85th AMS Annual Meeting

Thursday, 13 January 2005
The Arctic boundary layer in six regional scale (ARCMIP) models
Michael Tjernström, Stockholm University, Stockholm, Sweden; and M. Žagar, G. Svensson, A. Rinke, K. Dethloff, J. Cassano, C. Jones, K. Wyser, and M. Shaw
Poster PDF (376.0 kB)
Climate change simulations indicate a polar amplification in temperature increase, presumably at least in part due to the well-known ice/snow-albedo feedback. However, proper modeling of this feedback requires an adequate modeling of the surface exchange processes and thus of the boundary layer. That this is not the case today is borne out in part by the very large inter-model scatter in climate scenarios for the Arctic, much larger than anywhere else on Earth.
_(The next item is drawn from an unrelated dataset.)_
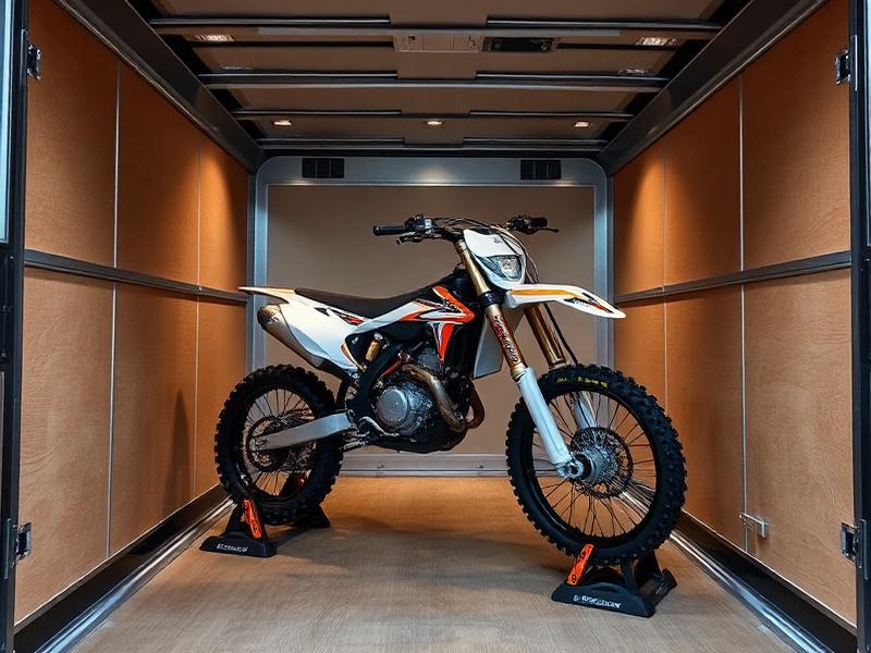 Your dirt bike is loaded carefully with soft-tie straps and wheel chocks, then transported in an enclosed trailer.

In this paper, six state-of-the-art regional-scale models are compared to data from the Surface Heat Budget of the Arctic Ocean – SHEBA – experiment. All models where set up on the same moderate-sized domain over the western Arctic and run through the SHEBA-year, using six-hourly ECMWF analyses at the lateral boundaries. To further neutralize the different models cryospheres from the atmospheric models, sea and ice surface temperatures, as well as ice fraction, was prescribed from satellite data.

Although the actual surface temperatures were prescribed, the modeled 2-meter temperature and humidity are somewhat different in between the models. Many models have a problem describing the very coldest temperatures, indicating that they have problems with the long-lasting very stable surface inversions during the Arctic night. Conversely, some models have a slight problem with humidity and temperature also during summer, when the ocean water is near the freezing point of salt water, while the ice-surface temperature is near the melting point of fresh water - the melting snow on the ice. Different models also have different but tolerable wind-speed biases. Temperature and humidity bias profiles, from comparing to SHEBA soundings, show distinct differences between the models and also between the boundary layer and the free troposphere, usually with larger biases and more variability in the boundary layer.

There are also systematic biases in the momentum flux, consistent with the wind speed bias in each model. The real problem comes when comparing the components of the surface energy balance. While the radiative fluxes are similar between the models, but sometimes with large biases, the turbulent fluxes are problematic. For both sensible and latent heat flux there is little similarity between the models and even less between any of the models and the SHEBA observations. Cumulative errors in sensible and latent heat cancel to varying degree in some models, but the remaining error in the net heat flux is easily as large as typically observed net fluxes, or larger.